Mentre molte aziende italiane vengono travolte dalla crisi e sono spesso costrette a chiudere, quelle cinesi presenti in Italia proliferano.
Uno studio della Cgia di Mestre riporta infatti che le imprese cinesi alla fine dello scorso anno hanno superato la soglia delle 54mila unità, con una crescita rispetto al 2009 dell'8,5%, mentre le imprese italiane sono diminuite dello 0,4%.
E oltre a questo, vi sono aziende italiane guidate da imprenditori cinesi, che stanno crescendo in maniera esponenziale: tra il 2002 e il 2010 la loro presenza nella nostra penisola è cresciuta del 150,7%.
Una presenza ed una crescita che creano diversi problemi alla filiera delle nostre aziende, in virtù soprattutto di una concorrenza sleale, poiché le attività cinesi spesso non rispettano obblighi fiscali e contributivi e le norme relative alla sicurezza e ai diritti dei lavoratori.

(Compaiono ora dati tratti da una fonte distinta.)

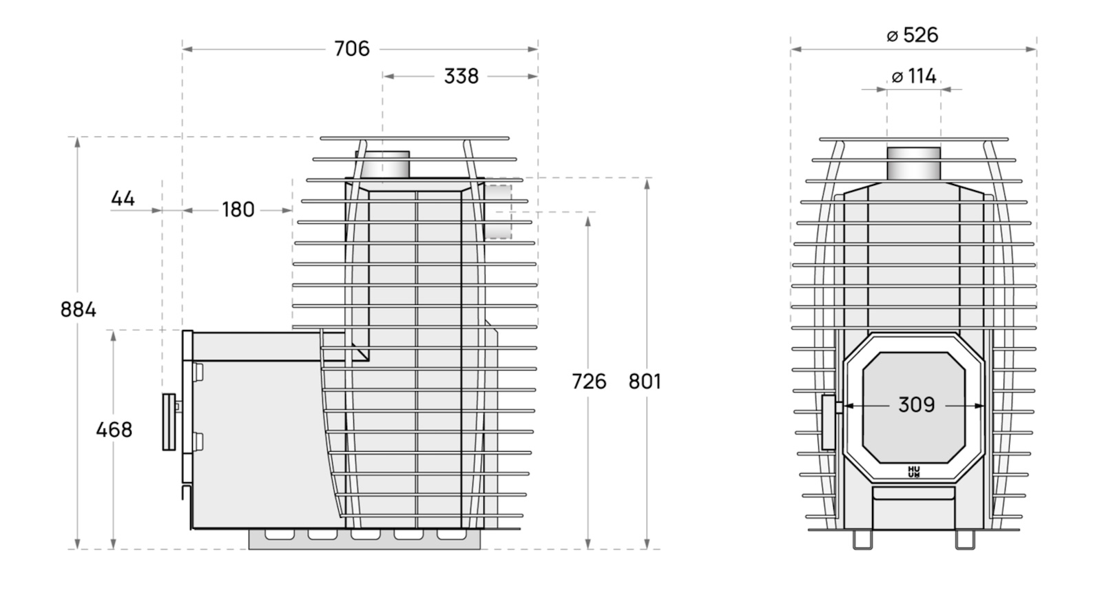 - 1 x HUUM HIVE Flow LS Holz beheizter Saunaofen 9,8 kW Sauna Holzofen mit BimSchV 2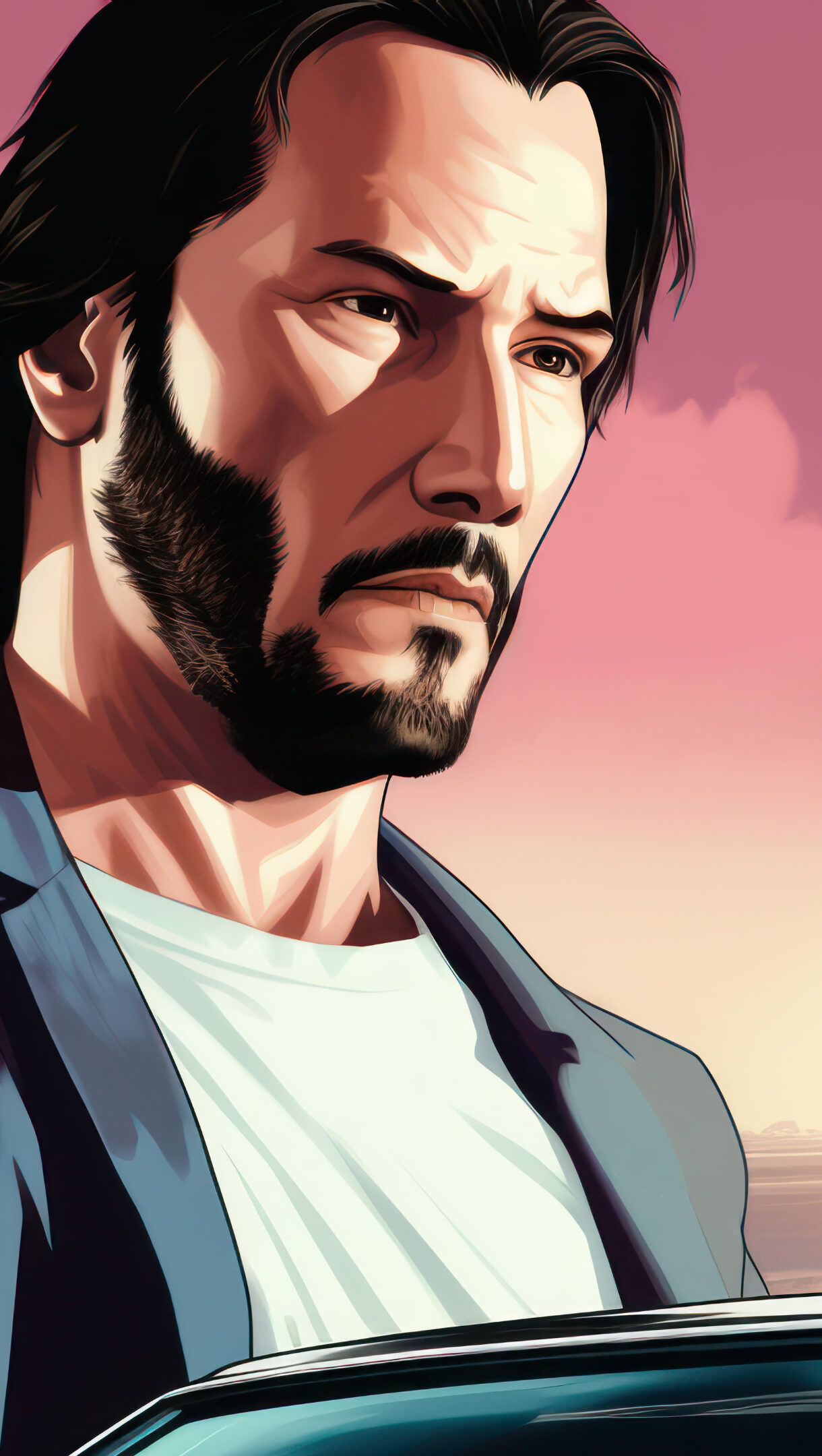 Lose yourself in the world of Grand Theft Auto with this stunning 4K wallpaper featuring Keanu Reeves as a character. This AI-generated wallpaper captures the essence of the popular video game franchise, and is perfect for gamers and fans alike. Unleash Your Inner Creativity with High-Quality Wallpapers. AI-generated and sourced wallpapers available in High Quality Resolution. Simply click the download button to bring these masterpieces to life on your screen as a desktop wallpaper or save it for later in your picture collection.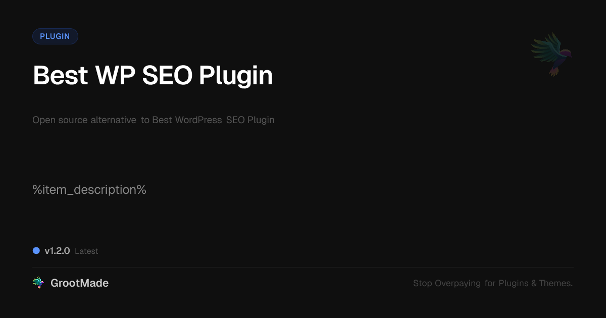 GrootMade is not affiliated with Best WP SEO Plugin and provides an open-source alternative.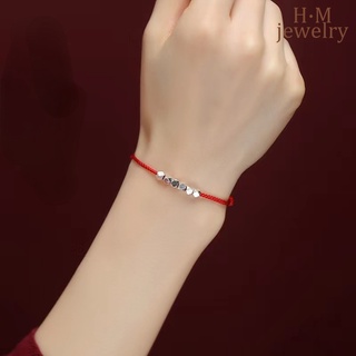 Vòng Tay Dây Đỏ May Mắn Đính Hạt Bạc 925 Dễ Thương Cho Cặp Đôi

Anche perché molte di queste imprese risultano totalmente sconosciute al fisco. Non che comunque alcune aziende italiane da questo punto di vista siano cristalline...

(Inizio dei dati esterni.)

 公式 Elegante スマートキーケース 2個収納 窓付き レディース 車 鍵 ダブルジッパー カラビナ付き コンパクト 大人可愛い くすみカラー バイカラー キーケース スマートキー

Il problema incide, tra l'altro, in particolar modo al Nord, dato che il maggior numero di imprenditori cinesi si trova in Lombardia (10.998), Toscana (10.503) e Veneto (6.343).

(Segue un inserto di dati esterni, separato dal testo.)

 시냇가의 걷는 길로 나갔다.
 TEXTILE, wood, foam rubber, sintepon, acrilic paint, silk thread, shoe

Più di un anno fa era stata approvata una legge per la protezione dei prodotti "made in Italy", ma osservando questi dati forse sarebbe il caso di pensare a provvedimenti per salvaguardare le aziende italiane: magari intensificando i controlli, o facendo delle verifiche incrociate. O, una volta scoperte, sanzionando pesantemente non solo le aziende cinesi non regolari, ma anche i loro committenti italiani, che ben conoscono la situazione e ne traggono pure loro enormi vantaggi.